Said the pieman to Simple Simon,
Show me first your penny;
Says Simple Simon to the pieman,
Sir I haven't any.
Here’s some information:
“The verses used today are the first of a longer chapbook history first published in 1764. The character of Simple Simon may have been in circulation much longer, possibly through an Elizabethan chapbook and in a ballad, Simple Simon's Misfortunes and his Wife Margery's Cruelty, from about 1685.”
So what is a chapbook?
Chapbook (c. 1800) of ‘Jack the Giant Killer’.
“A chapbook is a type of small printed booklet that was a popular medium for street literature throughout early modern Europe. Chapbooks were usually produced cheaply, illustrated with crude woodcuts and printed on a single sheet folded into 8, 12, 16, or 24 pages, sometimes bound with a saddle stitch. Printers provided chapbooks on credit to chapmen, who sold them both from door to door and at markets and fairs, then paying for the stock they sold. The tradition of chapbooks emerged during the 16th century as printed books were becoming affordable, with the medium ultimately reaching its height of popularity during the 17th and 18th centuries”.
There you go. Lots of useless, but possible interesting, information.
Then there is Eel Pie Island, a real island in the Thames.
Why is Eel Pie Island famous?
“It was once a bubbling cauldron of British rock ’n’ roll. There was a five-month period in 1963 where you could see the Rolling Stones play there every Wednesday. The Who, Pink Floyd and Screaming Lord Sutch all did gigs at the Eel Pie Island Hotel, a rickety nineteenth-century ballroom that was lost to a fire in 1971. It was a place for counter-culturalists, poets and a pretty sizeable hippie commune because… well, it was the ’60s.”
That’s enough about pie and mash. Now for another food: Spanish ham - jamón - used for discrimination purposes it seems. Here’s something else Onread this morning:
“For all the happiness it brings to people, jamón also has a darker history and it is one that is threatening to re-emerge in our present culture wars. The esteemed place jamón holds in Spanish culture has been used as a tool for social exclusion. The persecution of heretics during the Spanish Inquisition, beginning in 1478 and lasting almost four centuries, particularly targeted Christian converts from Judaism (conversos) or Islam (moriscos), who continued to practise their religion in secret. The consumption of jamón became a symbol of Catholic identity and therefore a huge part of Spanish public life. But it was also a way of excluding those who did not eat pork on grounds of their faith.

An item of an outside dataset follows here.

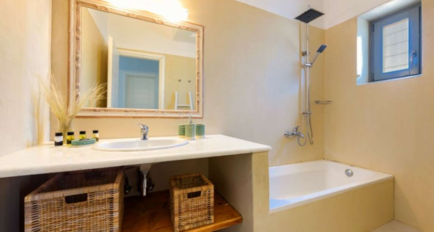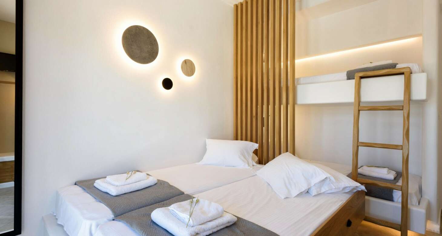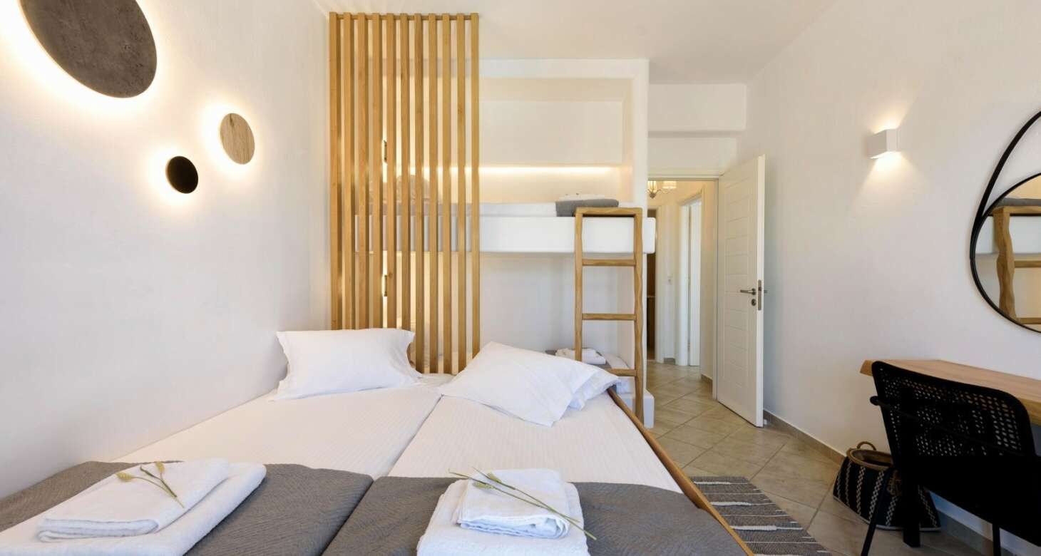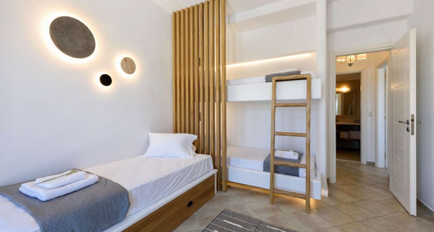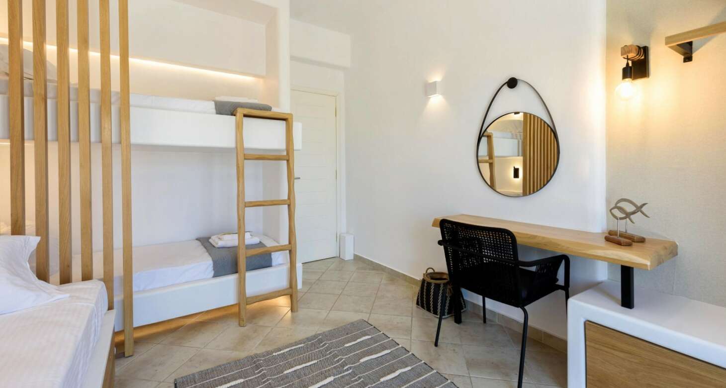 Inside, Villa Antheia II features a build-in sofa with natural-colored pillows and build-in beds. The villa has three bedrooms, which can accommodate up to eight people and two babies (up to two years old), along with two bathrooms. The bedroom layout is as follows: two bedrooms with double beds and one bedroom with one bunk bed and one double sofa bed. This setup is ideal for families or groups of friends traveling together, as there is plenty of space for everyone to sleep comfortably.

As a way of getting around it, morisco and converso families would hang sausages in their houses. Indeed, some people speculate that this is how the practice of hanging sausages and hams in Spanish bars and restaurants started. Others would even cook ham that they had no intention of eating, so that the smell from their houses would waft to neighbours or passersby. The slaughter of pigs became the basis of many popular festivals, a number of which continue today, and the families who did not take part would immediately come under suspicion.”
Think about it when you see all the jamón in shops in Spain! Here’s a link to the whole article.
Life goes on. Stay safe and well, everyone!